En ese instante creí que ya era tiempo y lo llamé por su nombre, reaccionó y se acerco hacia mí, me reconoció como su abuelo.
-Abuelo- me dijo - ¿Cómo si eres tú mismo?, Pero si te ves tan joven... como de mi edad.
-Ven hijo mío- le dije con ternura, no llegaba a entender como podía comunicarse conmigo sin llegar a emitir ningún sonido.
Miguel Cifuentes me miró como su abuelo, al igual que otros lo habían hecho visualizándome como la persona que más impresión o amor le habían tenido
Miguel sabía que yo era su abuelo a pesar de parecerme tan joven como él mismo, y me siguió, olvidó todo lo que había sucedido en el pasado, se sintió con una paz infinita y una tranquilidad única. Lo llevé al sitio de la inmensidad, donde la luz y el brillo eran tan fuertes que nos cubrían con su inmenso fulgor, pero no nos cegaban.
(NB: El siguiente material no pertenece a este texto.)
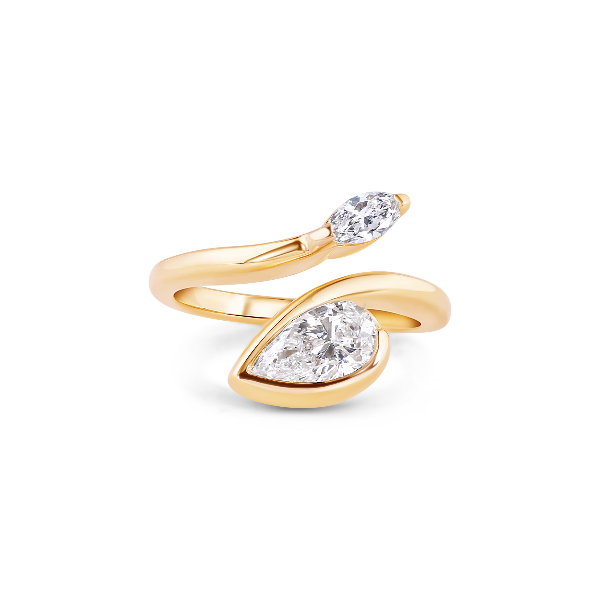 The Camille ring, a modern twist on timeless elegance, this bypass ring features two natural diamonds in pear and marquise cuts, set in polished yellow gold. The open design creates fluid movement and balance, while the brilliance of the lab diamonds brings striking sparkle from every angle. Bold yet refined, it’s a statement piece designed for everyday sophistication or special occasions.

Estaba muy sereno, y la gran voz empezó a hablarle en un lenguaje propio, único y exclusivo para él, un lenguaje que solamente él podía entender.
Miguel Cifuentes no tuvo que preguntar nada, pues todas sus preguntas y dudas se aclararon por completo en una fracción de segundo, entendió y asimiló lo que estaba pasando, y supo del mundo, de la creación, de la vida y de la muerte, supo de misterios inimaginables que solamente seres de su condición estaban en la capacidad de entender y saber, supo de felicidades y amarguras, de odios y miserias mundanas y de planos existenciales, y dimensiones; y del grado de madurez espiritual en el que se encontraba, y supo que aún no podía permanecer para siempre allí, pues le faltaba ascender espiritualmente, supo también del gran sueño que le tocaría pasar antes de regresar, pero no pensó en ello, solo quería permanecer ahí con esa gran calma, con esa tranquilidad plena que le infundían las palabras de la gran voz, era una algo nunca antes sentido por él. No quiso saber más.
Fue una tarde lluviosa de abril cuando desperté al antiguo Miguel Cifuentes, y apenas pude darle el último adiós a su nueva vida.